对切除肿瘤或活检样本的基因谱分析越来越多地用于甲状腺和其他癌症类型的癌症诊断和治疗选择。尽管突变发生在细胞 DNA 中,并且通常使用 DNA 测序来检测,但最近的尝试集中在从 RNA 检测致病性变体上。本研究的目的是确定使用 RNA 测序 (RNA-Seq) 在甲状腺组织和细针抽吸 (FNA) 样本中捕获突变的完整性。为了比较 DNA 测序和 RNA-Seq 之间的突变检测率,在两个研究地点,通过全外显子组 DNA 测序 (WES) 和全转录组 RNA-Seq 同时对 35 个组织样本进行了分析。然后,使用靶向 DNA 测序和 RNA-Seq 对 44 个甲状腺 FNA 样本和 47 个组织样本的 DNA 和 RNA 进行了研究。

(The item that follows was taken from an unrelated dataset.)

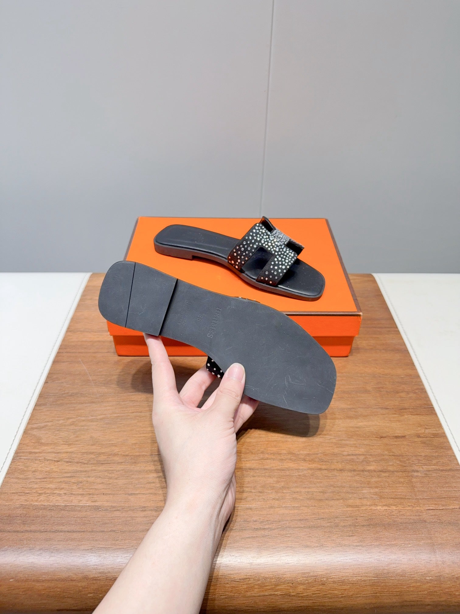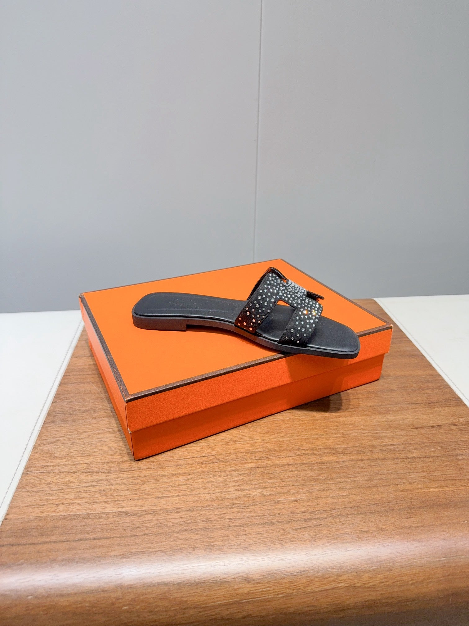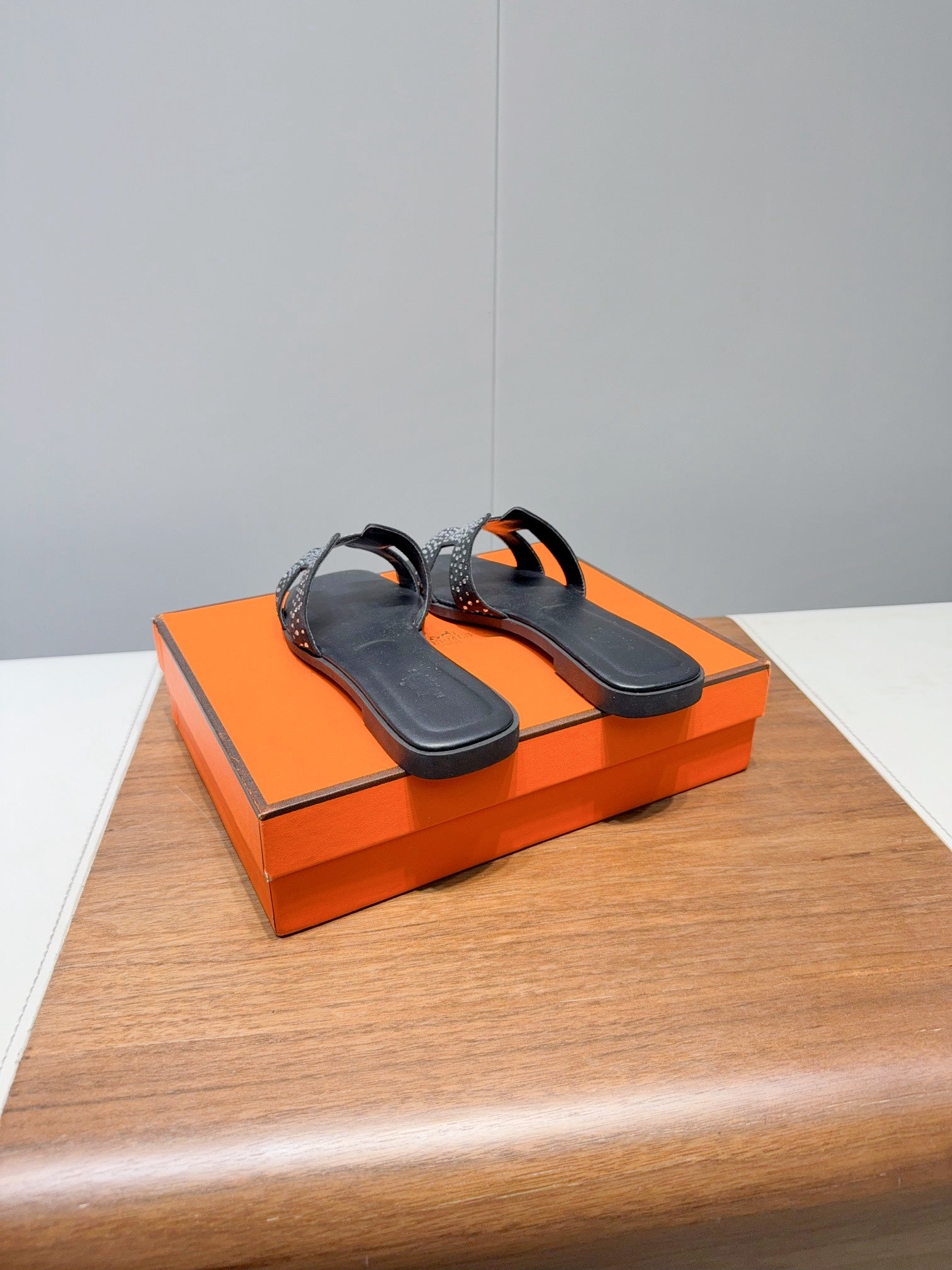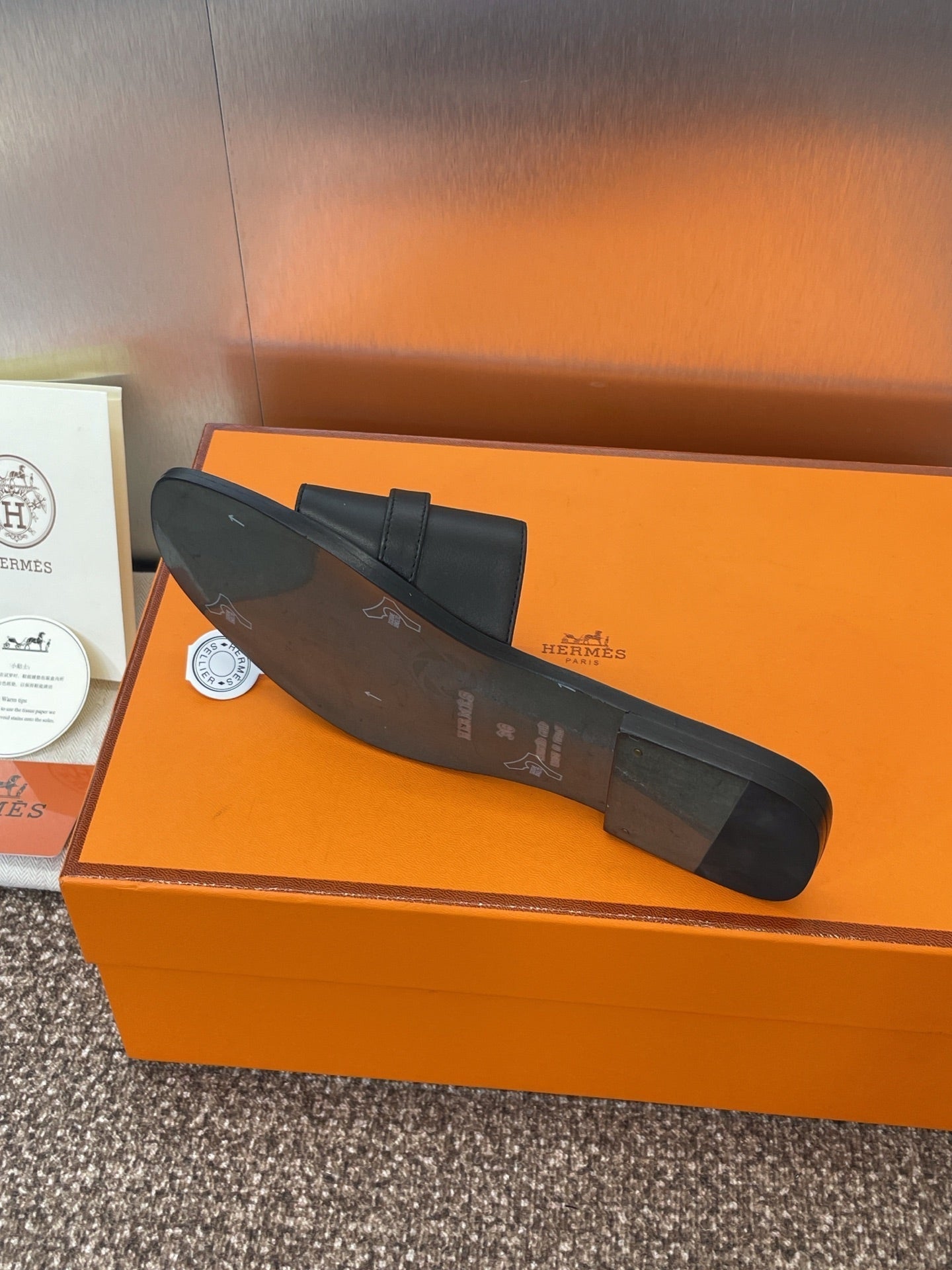 HM OZ Mule Denim Black Brown Cowhide 756853

在 35 个组织样本的 WES DNA 中鉴定的 162 个遗传变异中,77 个(48%)被 RNA-Seq 捕获,在 1 号站点的检测率为 49%,在 2 号站点的检测率为 46%,甲状腺和非甲状腺样本之间无差异。对 91 个甲状腺组织和 FNA 样本的靶向 DNA 测序检测到 118 个致病性变体,其中 57 个(48%)被 RNA-Seq 检测到。对于等位基因频率 (AF) >10%的 DNA 变体,RNA-Seq 的检测率为 62%,而对于 AF 为 5-10%的变体,RNA-Seq 的检测率为 7%(<0.0001)。对于常见的致癌基因 (和),在>10%AF 存在的突变中,94%的突变和在 5-10%AF 存在的突变中,11%的突变被 RNA-Seq 捕获。如预期的那样,没有 RNA-Seq 鉴定到 启动子突变。RNA-Seq 检测到的突变率在 FNA 样本中低于组织样本(32%比 49%,=0.02)。在这项研究中,RNA-Seq 分析仅检测到可通过肿瘤 DNA 测序识别的致病性变异的 46-49%。高等位基因频率存在的突变通过 RNA-Seq 检测的成功率更高。当存在于低频率或在 FNA 样本上进行测试时,RNA-Seq 更经常错过突变。所有的 突变都被 RNA-Seq 错过了。这些数据表明,RNA-Seq 并不能检测到相当比例的临床相关突变,在临床实践中应谨慎使用,以检测 DNA 突变。